We constructed a 10-point scale of fiscal distress that is a composite of nine variables. For each of the nine variables, we established a performance standard to be used in grading local government financial condition. (6) Some of these standards were based on the distribution of a sample of Michigan localities on these variables. So while the performance standards might vary from state to state, the approach can easily be adopted by different states. Jurisdictions that do not meet the standard for a given variable are penalized with points, while those that do meet the standard receive no points. The result is a system in which a score of "10" indicates severe fiscal distress and a score of "0" indicates little or no distress. Exhibit 2 identifies each of the nine indicators and the corresponding performance standard.
We applied this 10-point scale to 150 local governments in Michigan over an 11-year period from 1991 to 2001. The sample was randomly generated and supplemented with units that had been perceived as distressed by the state. The result of this application is reported in Exhibit 3, which lists all governments scoring 5 or more points.
The average score for all of the governments included in the sample was approximately 1.5. As expected, most of Michigan's localities are not experiencing fiscal difficulty. As Exhibit 3 shows, however, there are variations over the 10-year period. In 1994 and 1995, 13 governments scored a 5 or above; in 1996, that number had dropped to only five.
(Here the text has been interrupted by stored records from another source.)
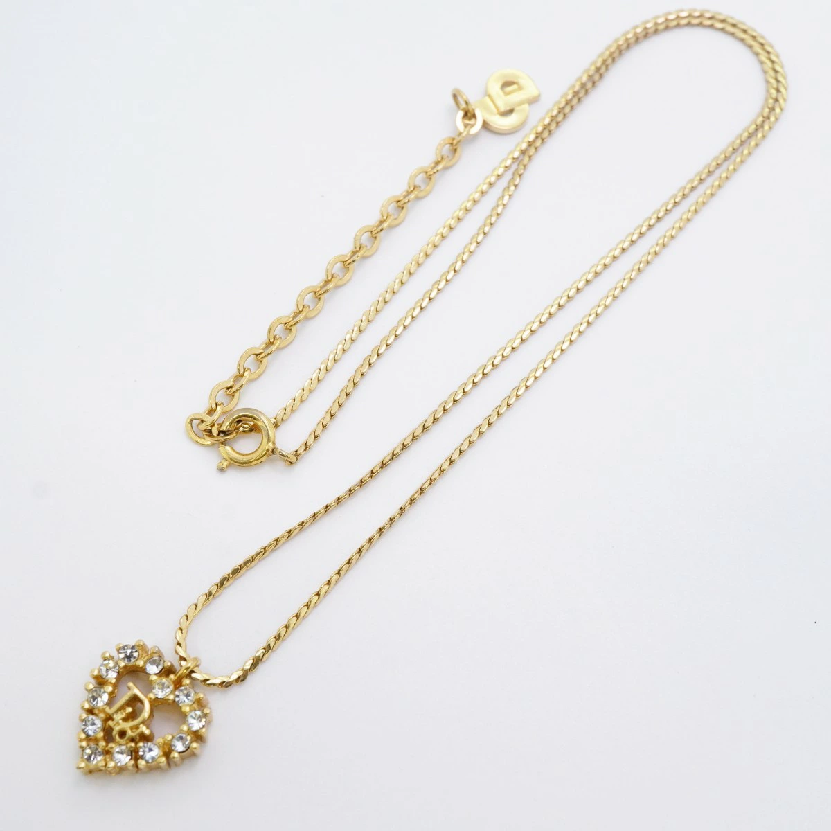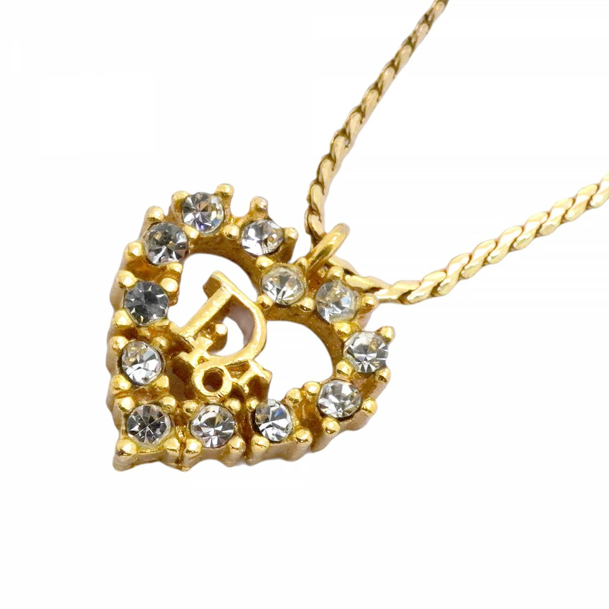 【5jmb0733】クリスチャンディオール ネックレス ディオールロゴ ハートモチーフ GPメッキ ラインストーン ゴールド【中古】レディース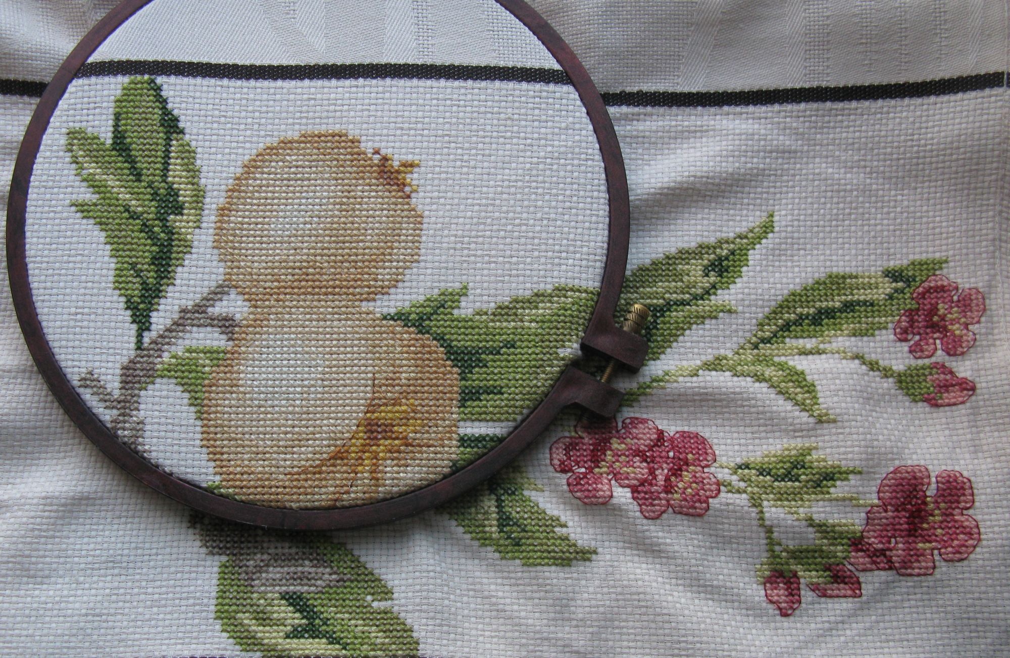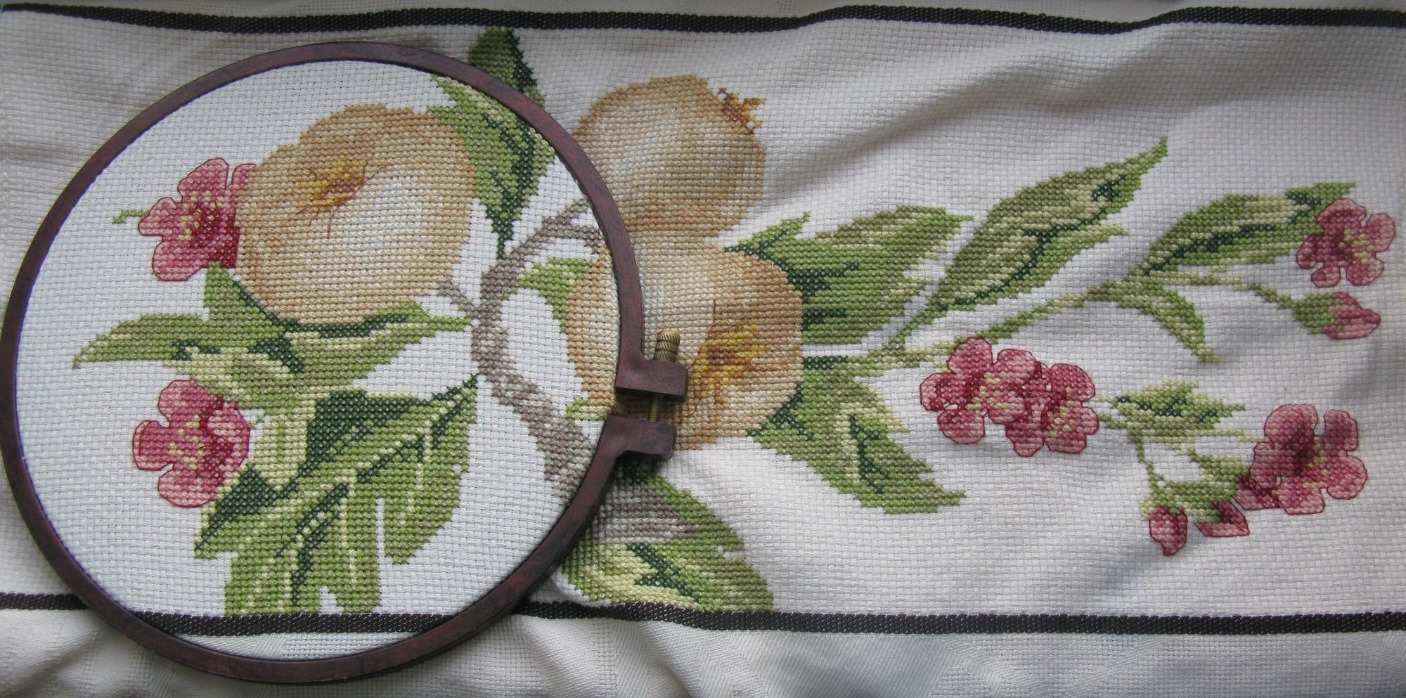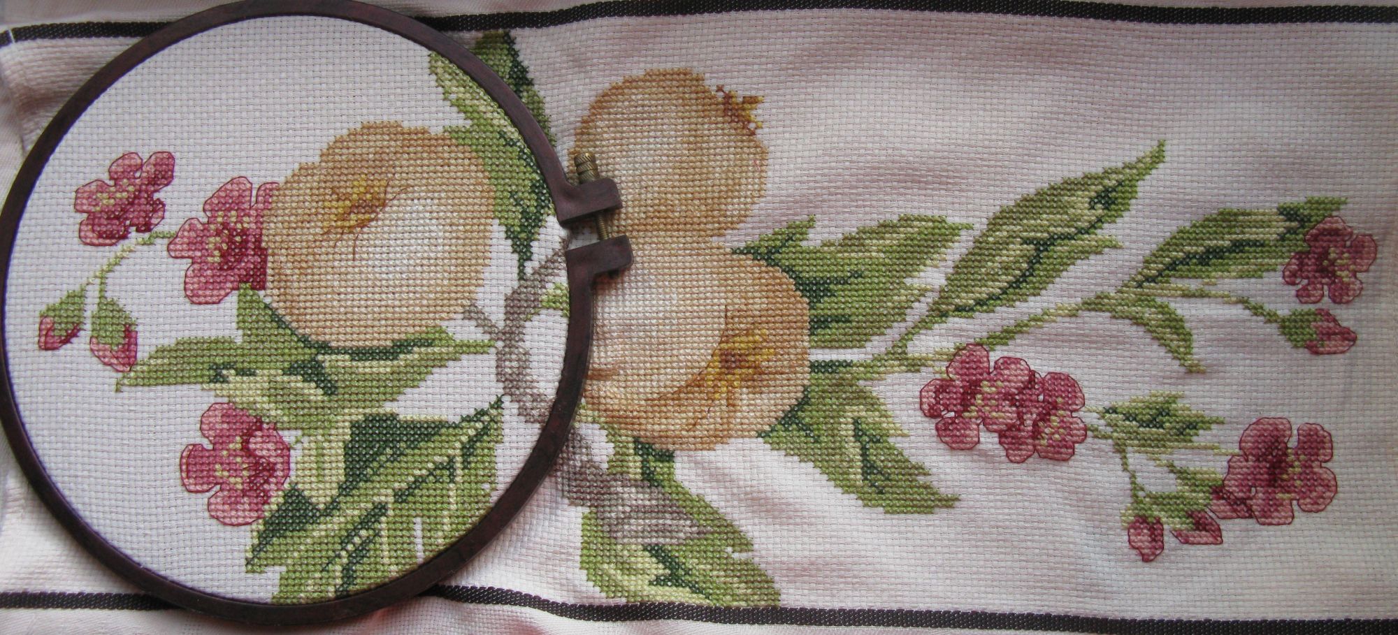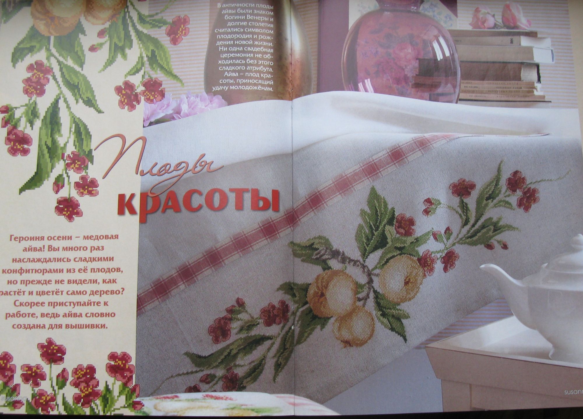 23 ноября 2019 Всем привет! ...я опять исчезла с форумных радаров)...не успеваю я за темпом событий...что ж ...приходится отказываться от любимых занятий... Сначала ушла с головой в вышивку,а потом, прикинув,что к дате Икс не успеваю, и совсем её забросила...думаю,будет ещё повод подарить её весной...не важно же к какому событию) Сейчас вроде интенсивность жизни приходит потихоньку в более-менее привычное русло...по крайней мере уже могу чуток повышивать...а иначе без релакса никак... Вот мои последние успехи с орхидеей Было/стало: А ещё помнится выклянчила у Татуси выложить незаконченный процесс...она к празднику проводила ликвидацию-замену вечно-красных гаек ...у меня таких нет,но с лета был закончен тайный процесс и так быстро подарен,что не успела сфотать в готовом отпаренном виде...а показать хочется...поэтому уж простите...покажу итоги в пяльцах...а уж воображения нам не занимать)) Итак, вышитое полотенце с цветущей и одновременно плодоносящей Айвой. Схема из журнала Susanna /рукоделие/ №5/12. Плоды красоты. Нитки гамма по ключу. Полотенце готовое,каунт11. Схема вся целиком не вместилась в заданный масштаб изделия...пришлось выдумывать сокращения. Вышивала потихоньку года два...теперь вот задумалась...ещё одно у меня полотенчико осталось))) Но пока ушла дошивать Орхидею) Всем отлично отдохнуть в выходные!..может и за пяльцами) Юнона1960, Хельга, Letto и 16 других сказали спасибо Поделиться сообщением Ссылка на сообщение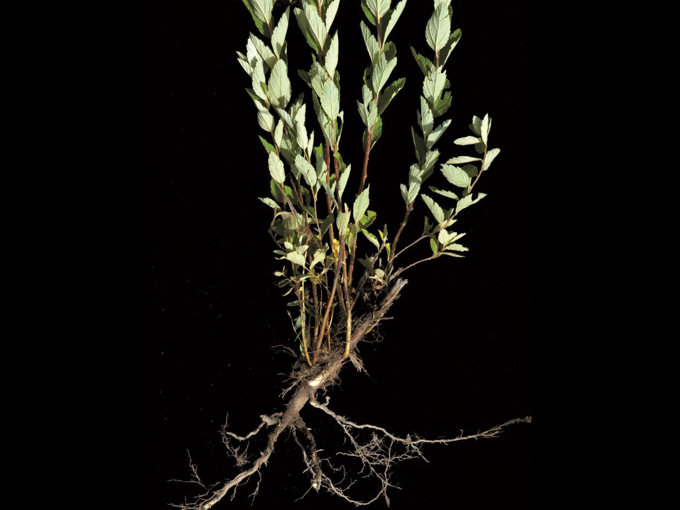 La spirée tomenteuse est un arbrisseau indigène au Québec. La tige est dressée ou ascendante, souvent ramifiée dès la base et mesure moins de 1 m de hauteur. L’écorce est de couleur brun orangé et, lorsque le plant est jeune, elle est tomenteuse. Le système racinaire se compose de rhizomes robustes.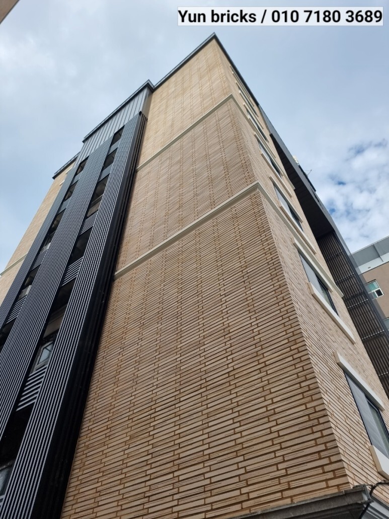 코너 타일이 생산되는 제품으로 건축물의 완성도를 높이시고 싶으신 분들은 코너타일 사용을 추천드리며 코너타일 사용 시 외벽 마감 퀄리티를 느껴 보실 수 있습니다~~ 위 현장 사진 코너 마감 부분을 보시면 모두 코너 타일 사용으로 롱 벽돌을 쓴 것 같은 조적 분위기도 나지 않나요??

Importantly, the 10-point scale performed fairly well in identifying the governments that had been classified by the state as distressed. During the time period examined, Michigan had appointed review teams to assess the finances of Highland Park, Hamtramck, and Flint. Highland Park's review team was established in 1996, disbanded in 1999, and reinstated in 2000. Hamtramck's review team was established in 2000, and Flint had a review team appointed in 2001. In each of these cases, the 10-point scale pointed to fiscal distress well before the review teams were appointed. Several of the other localities registering relatively high scores on the 10-point scale have historically teetered on the edge of fiscal distress, including Benton Harbor, Ecorse, River Rouge, and Detroit.
To help state officials identify fiscally troubled local governments before the problem becomes a crisis, the 10-point scale can be used to classify local governments into one of four categories: fiscally healthy (0-4 points), fiscal watch (5 points), fiscal warning (6-7 points), and fiscal emergency (8-10 points). States can attach remedial actions to each category, ranging from private notification to placement on a public "fiscal watch list" to mandatory consideration of a review team. While these categories and consequences are merely suggestive, they demonstrate how the 10-point scale can be used to monitor the financial position of local governments.
While Brown's 10-point test of local government financial condition has been useful to some policymakers, there are practical and theoretical difficulties that limit its usefulness. The new composite model outlined here and tested using a sample of Michigan local governments builds on and improves that work, adding components that will allow states to recognize local fiscal difficulties before they become fiscal emergencies. The Michigan Department of Treasury is working internally and with local officials to collect information needed for this new measure of fiscal stress and to make both the index and its component parts available on the state Web site.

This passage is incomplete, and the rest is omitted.